Nearly all the indicators seem to be going one way only: increased appetite for private credit secondaries. In this context, the record $1.4 billion fundraising for Coller Capital’s Credit Opportunities I fund this week was no great surprise. The vehicle raked in almost double the $750 million it set out to achieve in May last year.
As reported by our colleagues on Secondaries Investor, this was far from the only significant private credit secondaries announcement of recent times. Coller was also involved in the largest deal in the market in 2021 when it invested $580 million for a portfolio of interests from Chinese insurer Ping An. It was also the year in which fund management giants Ares and Apollo made big strides into the private credit secondaries space.
Readers will have noted that the opening sentence included the word nearly. As yet, private credit dealflow is still surprisingly small, with a disclosed figure of around $2 billion per annum. But the significant thing here may be what’s undisclosed. In our February 2022 issue, an article from Daniel Roddick of advisory firm Ely Place Partners suggested that much of the dealflow is accounted for by unreported transactions such as co-investment portfolio financing and the sale of warehoused assets into separately managed accounts. Add in these deals and the total rises to around $10 billion-$15 billion a year, he thinks.

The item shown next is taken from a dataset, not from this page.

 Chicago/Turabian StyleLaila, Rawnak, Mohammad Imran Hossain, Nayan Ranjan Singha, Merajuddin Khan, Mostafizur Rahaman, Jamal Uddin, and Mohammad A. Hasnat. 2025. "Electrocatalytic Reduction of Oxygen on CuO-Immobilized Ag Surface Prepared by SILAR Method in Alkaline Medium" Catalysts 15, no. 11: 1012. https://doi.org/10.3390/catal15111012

Perhaps more of a puzzle is to be found within our LP Perspectives Study, also part of our February edition. The study canvasses the views of well over a hundred investors and discovered that only 7 percent were planning to invest in private credit secondaries funds over the next 12 months. This represents a decline from the 12 percent planning such investment at the beginning of 2021 and a high of 15 percent at the start of 2020.

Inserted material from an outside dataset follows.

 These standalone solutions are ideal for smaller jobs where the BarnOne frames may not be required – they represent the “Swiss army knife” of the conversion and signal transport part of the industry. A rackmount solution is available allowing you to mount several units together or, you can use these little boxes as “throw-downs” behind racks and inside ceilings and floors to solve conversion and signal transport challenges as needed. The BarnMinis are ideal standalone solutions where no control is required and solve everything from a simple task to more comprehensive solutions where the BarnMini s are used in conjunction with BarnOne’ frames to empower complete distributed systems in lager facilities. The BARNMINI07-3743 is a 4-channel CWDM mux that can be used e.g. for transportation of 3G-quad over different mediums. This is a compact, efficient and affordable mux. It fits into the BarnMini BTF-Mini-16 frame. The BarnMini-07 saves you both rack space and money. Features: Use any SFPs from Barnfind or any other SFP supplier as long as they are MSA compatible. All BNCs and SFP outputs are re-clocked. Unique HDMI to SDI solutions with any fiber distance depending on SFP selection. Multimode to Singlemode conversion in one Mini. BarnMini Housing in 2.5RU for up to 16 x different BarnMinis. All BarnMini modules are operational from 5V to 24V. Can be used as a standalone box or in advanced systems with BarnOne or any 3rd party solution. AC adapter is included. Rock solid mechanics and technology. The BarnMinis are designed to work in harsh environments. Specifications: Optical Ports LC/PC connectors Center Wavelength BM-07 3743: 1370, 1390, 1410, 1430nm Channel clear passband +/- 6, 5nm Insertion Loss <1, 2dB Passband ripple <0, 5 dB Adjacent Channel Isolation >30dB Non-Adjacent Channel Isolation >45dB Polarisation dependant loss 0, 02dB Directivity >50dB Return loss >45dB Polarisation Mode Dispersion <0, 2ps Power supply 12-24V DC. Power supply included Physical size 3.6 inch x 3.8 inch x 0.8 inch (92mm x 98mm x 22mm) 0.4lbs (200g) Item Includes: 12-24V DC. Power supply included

Part of the explanation for the thus-far stunted growth of the market may be private debt’s self-liquidating nature. Contrary to other types of alternative asset, loans last for fixed terms before being repaid or refinanced. Debt fund lives are also typically shorter, lasting six to eight years as opposed to private equity’s 10 to 12, so there are fewer natural sellers. It may also be that LPs are expecting a quiet period for fundraising following the leaps forward over the past 12 months.
So far, at least, we have arrived at a rather odd-looking state of affairs: a market where the largest fundraising announcement so far coincides with a reluctance from LPs in general to throw their weight behind it.